La seconde main séduit de plus en plus de Français, portée par des motivations à la fois économiques et écologiques. Devenue une véritable tendance de consommation, elle représente aujourd’hui un marché estimé à plus de 7 milliards d’euros en France, en croissance annuelle d’environ 15 %. Cependant, certains revendeurs achètent des vêtements neufs à bas prix sur des sites d’ultra fast fashion et les revendent plus cher, en masquant leur origine et leur état grâce à des images générées par IA. Une pratique qui détourne l’esprit de la revente responsable et érode progressivement la confiance des acheteurs.
👗 Shein, Temu, AliExpress inondent les plateformes d’occasion
De plus en plus de d’utilisateurs achètent des vêtements neufs bon marché sur des plateformes chinoises comme Shein, AliExpress ou Temu, pour les revendre sur les sites de seconde main. La pratique, souvent difficile à repérer, consiste à faire passer ces articles pour des vêtements déjà portés ou à peine utilisés. Pour appuyer leur mise en scène, certains vont jusqu’à utiliser des images générées par IA ou reprendre les visuels des marques originales, masquant l’étiquette ou floutant les détails révélateurs.
💸 Acheter 5 €, revendre 30 €
L’ultra fast fashion représente une part notable du marché de la seconde main en France. Selon une étude menée par l’ADEME en 2023, environ 13 % des consommateurs d’occasion achètent régulièrement des articles issus de l’ultra-fast fashion, tandis que près de 40 % achètent des vêtements provenant de la fast fashion en général. Sur des plateformes populaires comme Vinted, ces articles d’origine ultra fast fashion peuvent constituer jusqu’à 20-25 % des vêtements proposés à la vente. Selon Le Monde, les marges des revendeurs sont importantes. Ils achètent souvent ces vêtements à des prix très bas (souvent entre 5 et 10 €), puis les revendent sur les plateformes de seconde main à des prix deux à trois fois supérieurs, atteignant parfois 20 à 30 €. Cette pratique génère donc des marges allant de 100 % à 200 %, voire plus.

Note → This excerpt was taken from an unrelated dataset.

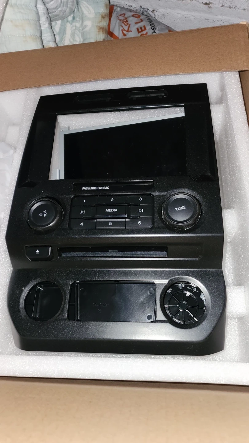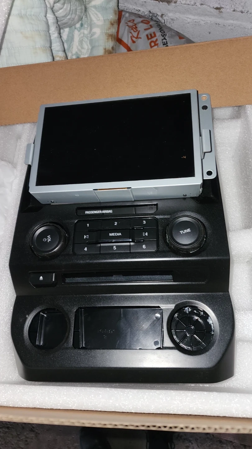 This is a car stereo and dash kit assembly. It includes a screen and controls with buttons for media and tuning. The unit is removed from 2017 f150 when upgraded to tesla screen

Éric Picard, économiste spécialiste des marchés numériques, annonce :
Ces marges exorbitantes sur des articles bon marché ne profitent qu’à une poignée d’acteurs et creusent les inégalités entre vendeurs et acheteurs.
⚠ Les dérives qui menacent la seconde main
La multiplication de ces pratiques fragilise tout le secteur de la seconde main. Pour les plateformes comme Vinted, c’est la confiance des utilisateurs qui est en jeu. Le marché se retrouve inondé de produits de piètre qualité, souvent peu durables, parfois non conformes aux normes européennes.
Le phénomène alimente aussi indirectement le marché de la contrefaçon. Une étude de Novagraaf révèle que 55 % des acheteurs de luxe de seconde main ont déjà été victimes de contrefaçon.
Isabelle Delannoy, experte en économie circulaire déclare :
La seconde main doit être un levier pour réduire notre impact environnemental, pas un nouveau canal pour la surconsommation déguisée.
📝 Réglementer pour protéger l’économie circulaire
Cependant, plusieurs pistes sont envisagées pour renforcer le cadre légal et protéger l’économie circulaire :
- Responsabiliser les plateformes : Le Digital Services Act (DSA), entré en vigueur au sein de l’Union européenne, impose désormais aux plateformes numériques de retirer un contenu illicite dans un délai de 48 heures après signalement. Ce texte pourrait servir de base à des mesures plus strictes, notamment en matière de vérification de l’identité et de l’activité des vendeurs.
- Légiférer sur la transparence : Aujourd’hui encore, la directive e-commerce limite la responsabilité juridique des plateformes de vente en ligne.
- Renforcer les sanctions : En France, la vente de contrefaçons est déjà passible de 300 000 euros d’amende et de trois ans de prison. À l’avenir, ces peines pourraient être é
- Mieux informer les consommateurs : Des campagnes de sensibilisation pourraient être mises en place pour aider les acheteurs à repérer les fausses annonces ou les articles neufs déguisés en vêtements d’occasion.
👁 L’œil de l’expert : la fast fashion qui menace la seconde main
Alors que l’économie circulaire représente une solution concrète face à la surconsommation et à la crise environnementale, l’apparition de pratiques frauduleuses sur les plateformes de seconde main en compromet l’efficacité. Entre vêtements neufs déguisés, marges abusives et contournement des normes, c’est tout un modèle éthique qui se trouve menacé. Face à ce constat, la régulation, la vigilance des plateformes et l’éducation des consommateurs apparaissent comme les leviers indispensables pour préserver un marché de l’occasion réellement vertueux.